*What this task involves*.
Pictures in the material below are to be left out, and only the lines from the line with "The first communities" up to and including the line with "The table below" are to be written out exactly.

*Records for this task*.
##########
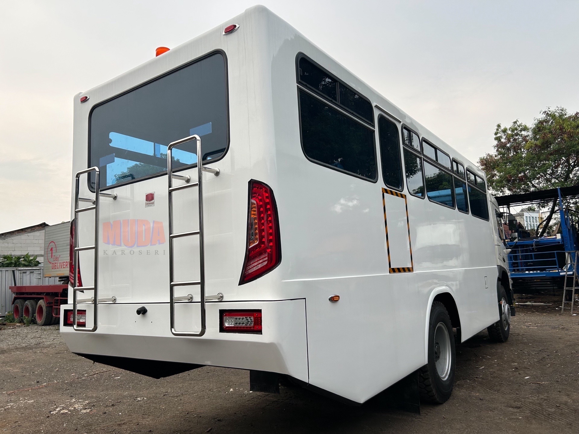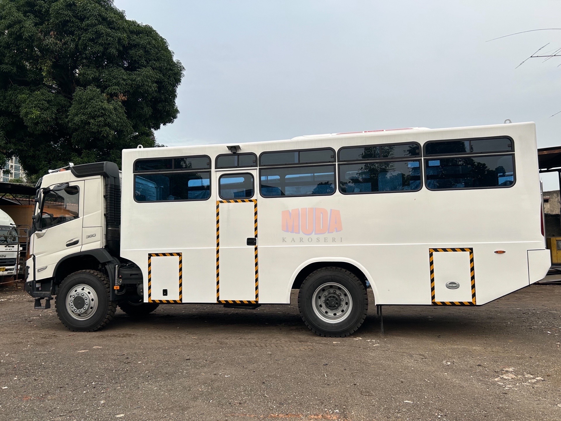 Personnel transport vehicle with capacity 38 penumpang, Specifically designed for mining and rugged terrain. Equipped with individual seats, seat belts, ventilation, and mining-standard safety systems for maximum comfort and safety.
##########
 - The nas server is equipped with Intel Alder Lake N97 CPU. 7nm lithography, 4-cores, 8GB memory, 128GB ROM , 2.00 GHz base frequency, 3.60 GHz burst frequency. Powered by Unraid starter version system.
##########
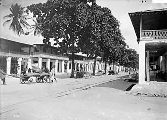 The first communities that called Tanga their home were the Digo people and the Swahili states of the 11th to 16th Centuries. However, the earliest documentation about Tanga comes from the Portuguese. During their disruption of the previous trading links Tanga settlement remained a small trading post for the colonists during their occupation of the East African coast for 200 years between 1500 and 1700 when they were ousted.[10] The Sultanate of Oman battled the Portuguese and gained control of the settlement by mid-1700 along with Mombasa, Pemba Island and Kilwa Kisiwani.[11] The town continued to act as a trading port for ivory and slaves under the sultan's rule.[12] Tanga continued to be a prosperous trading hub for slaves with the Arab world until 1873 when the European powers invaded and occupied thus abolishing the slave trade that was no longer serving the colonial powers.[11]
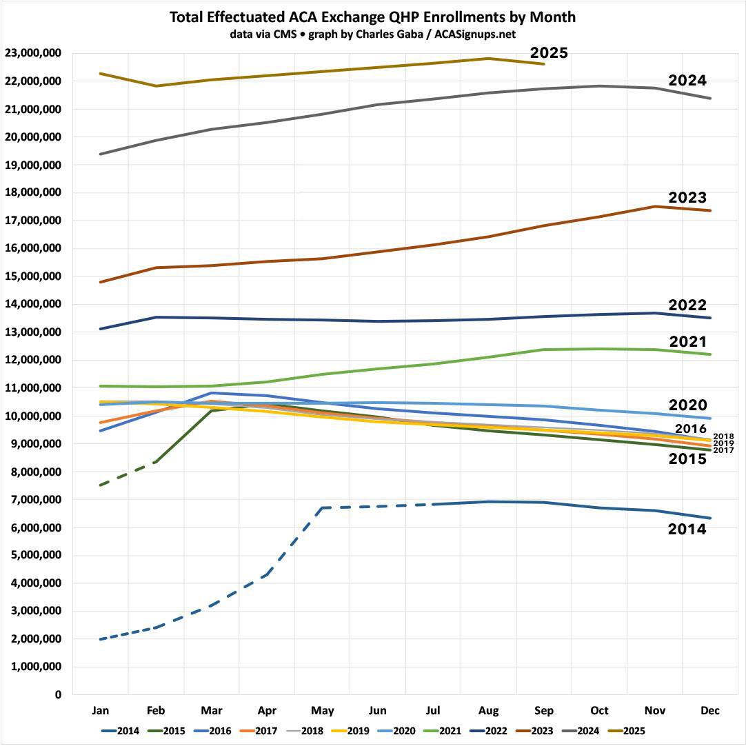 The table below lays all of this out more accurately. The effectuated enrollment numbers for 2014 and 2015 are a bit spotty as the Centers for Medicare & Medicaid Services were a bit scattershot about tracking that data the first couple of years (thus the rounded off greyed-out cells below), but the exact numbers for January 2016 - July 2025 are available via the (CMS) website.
##########
*Answer to the exercise*.
 The first communities that called Tanga their home were the Digo people and the Swahili states of the 11th to 16th Centuries. However, the earliest documentation about Tanga comes from the Portuguese. During their disruption of the previous trading links Tanga settlement remained a small trading post for the colonists during their occupation of the East African coast for 200 years between 1500 and 1700 when they were ousted.[10] The Sultanate of Oman battled the Portuguese and gained control of the settlement by mid-1700 along with Mombasa, Pemba Island and Kilwa Kisiwani.[11] The town continued to act as a trading port for ivory and slaves under the sultan's rule.[12] Tanga continued to be a prosperous trading hub for slaves with the Arab world until 1873 when the European powers invaded and occupied thus abolishing the slave trade that was no longer serving the colonial powers.[11]
 The table below lays all of this out more accurately. The effectuated enrollment numbers for 2014 and 2015 are a bit spotty as the Centers for Medicare & Medicaid Services were a bit scattershot about tracking that data the first couple of years (thus the rounded off greyed-out cells below), but the exact numbers for January 2016 - July 2025 are available via the (CMS) website.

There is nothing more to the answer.